Segment Open

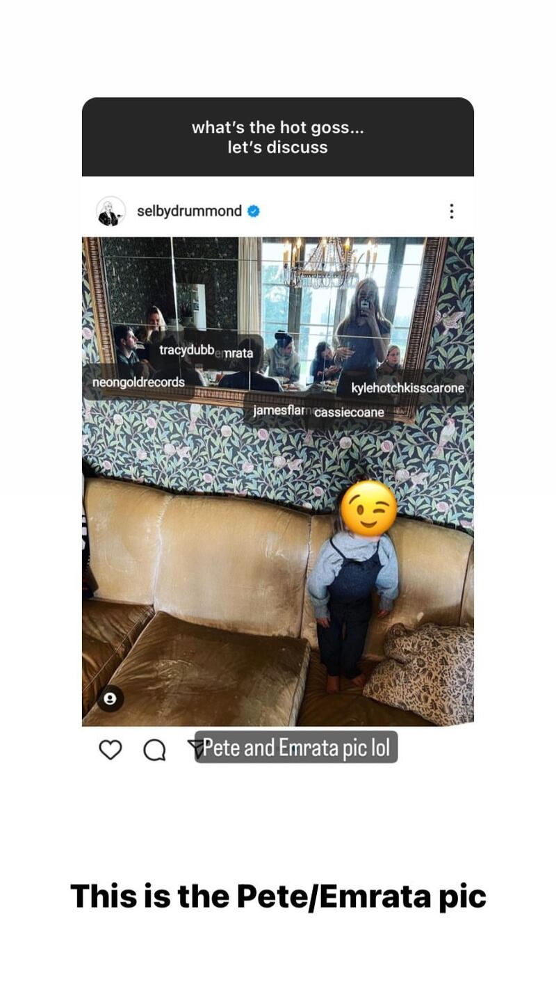 La modelo fue etiquetada en una postal que subió Selby Drummond, fundadora de la aplicación de citas Bumble y amiga de la también escritora. La foto fue retirada minutos después de ser publicada, pero la cuenta de Instagram Deux Moi, especialistas en chismes de famosos, la volvió a difundir.
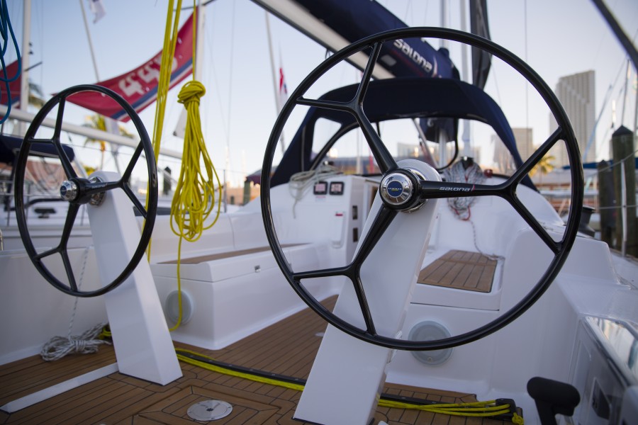 | Outside | Anker mit Kette, Badeleiter, Biminitop, Cockpitdusche, Cockpitlautsprecher, Cockpittisch, elektr. Ankerwinsch, Festmacherleinen, Sonnensegel, Sprayhood |
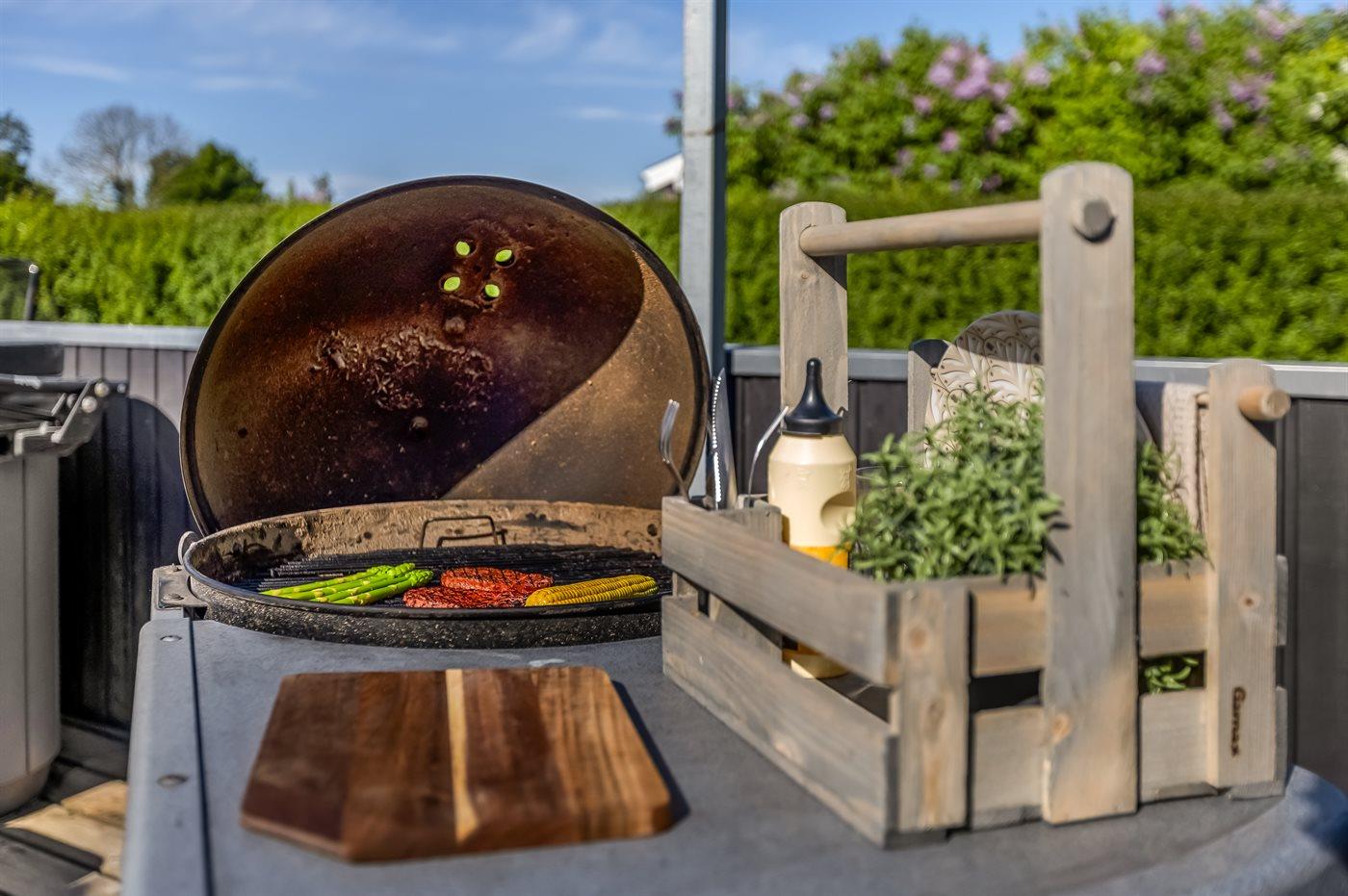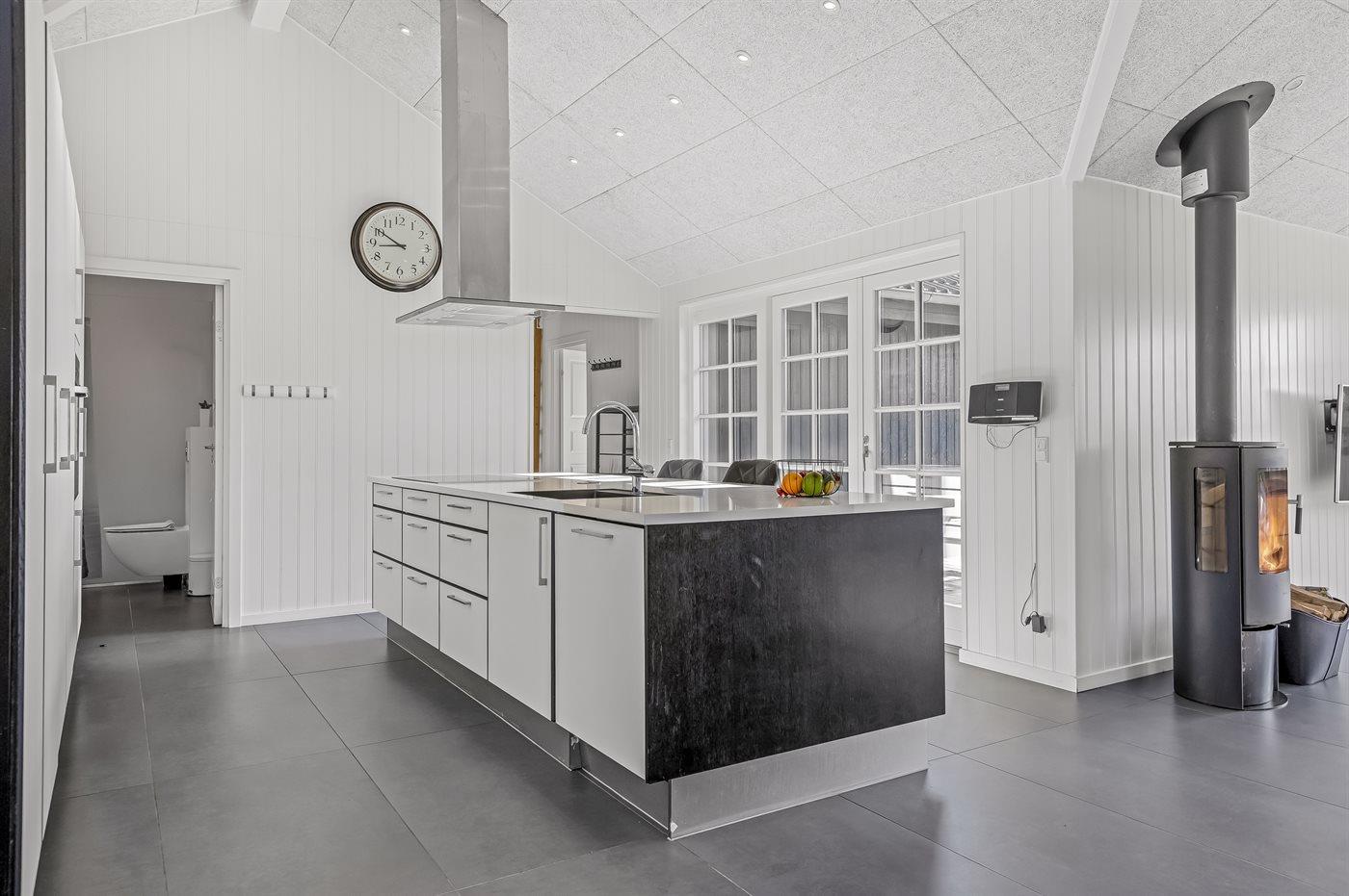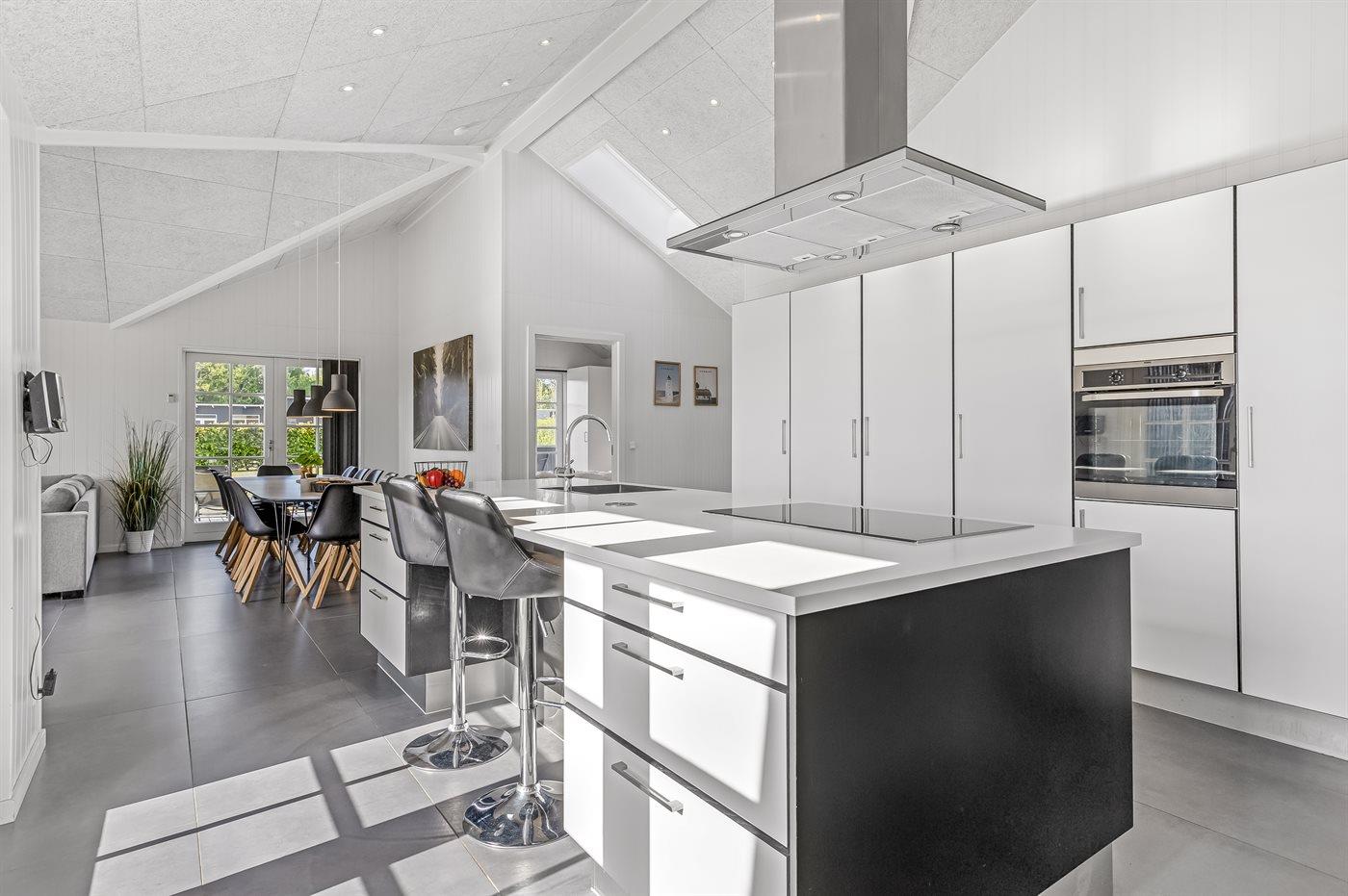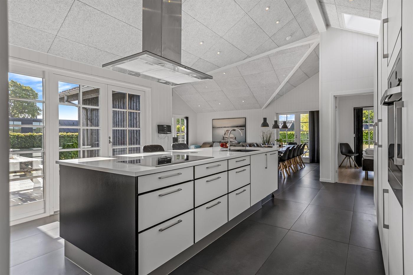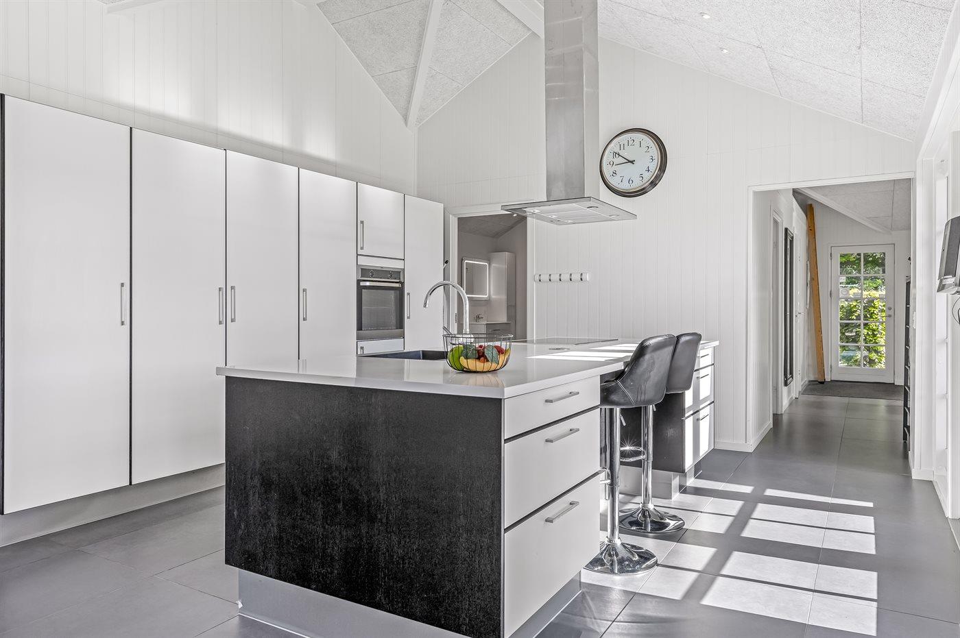 Køkkenet er udstyret med 1 køleskab. Der er 4 induktionskogeplader, varmluftovn, mikrobølgeovn samt opvaskemaskine.
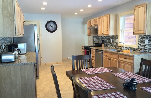 ¡¡Cuatro ruedas!!... ven y quédate!Los clientes están seguros de disfrutar de unas vacaciones memorables en esta cabina totalmente amueblado, 4 dormitorios / 2 baños. El dormitorio principal tiene una cama king-size, 2 habitaciones con camas tamaño queen, y la última habitación con 2 literas con camas tamaño queen en la parte inferior y dos camas individuales de tamaño en la parte superior cómoda para dormir 14 personas. La cocina está totalmente equipada y lista para preparar sus comidas favoritas. También se incluye televisión e Internet. En Douglas Creek. Este es el lugar perfecto para alejarse de todo y relajarse con la familia en el senderismo al aire libre, la pesca, motos de nieve y cuatro ruedas en los meses de verano, Four wheeling en la gran área de tirolina, ubicada en la ruta C5A. Al otro lado de la calle de la unidad en la sala de cine y cerca de todos los ementities. La propiedad está exactamente a cuatro millas al norte del motel borde. Además, la estación de esquí de nieve está a pocos minutos.

Segment Closed

Print the material again, unchanged, without its pictures.

▶ **Completed exercise**:
 La modelo fue etiquetada en una postal que subió Selby Drummond, fundadora de la aplicación de citas Bumble y amiga de la también escritora. La foto fue retirada minutos después de ser publicada, pero la cuenta de Instagram Deux Moi, especialistas en chismes de famosos, la volvió a difundir.
 | Outside | Anker mit Kette, Badeleiter, Biminitop, Cockpitdusche, Cockpitlautsprecher, Cockpittisch, elektr. Ankerwinsch, Festmacherleinen, Sonnensegel, Sprayhood |
 Køkkenet er udstyret med 1 køleskab. Der er 4 induktionskogeplader, varmluftovn, mikrobølgeovn samt opvaskemaskine.
 ¡¡Cuatro ruedas!!... ven y quédate!Los clientes están seguros de disfrutar de unas vacaciones memorables en esta cabina totalmente amueblado, 4 dormitorios / 2 baños. El dormitorio principal tiene una cama king-size, 2 habitaciones con camas tamaño queen, y la última habitación con 2 literas con camas tamaño queen en la parte inferior y dos camas individuales de tamaño en la parte superior cómoda para dormir 14 personas. La cocina está totalmente equipada y lista para preparar sus comidas favoritas. También se incluye televisión e Internet. En Douglas Creek. Este es el lugar perfecto para alejarse de todo y relajarse con la familia en el senderismo al aire libre, la pesca, motos de nieve y cuatro ruedas en los meses de verano, Four wheeling en la gran área de tirolina, ubicada en la ruta C5A. Al otro lado de la calle de la unidad en la sala de cine y cerca de todos los ementities. La propiedad está exactamente a cuatro millas al norte del motel borde. Además, la estación de esquí de nieve está a pocos minutos.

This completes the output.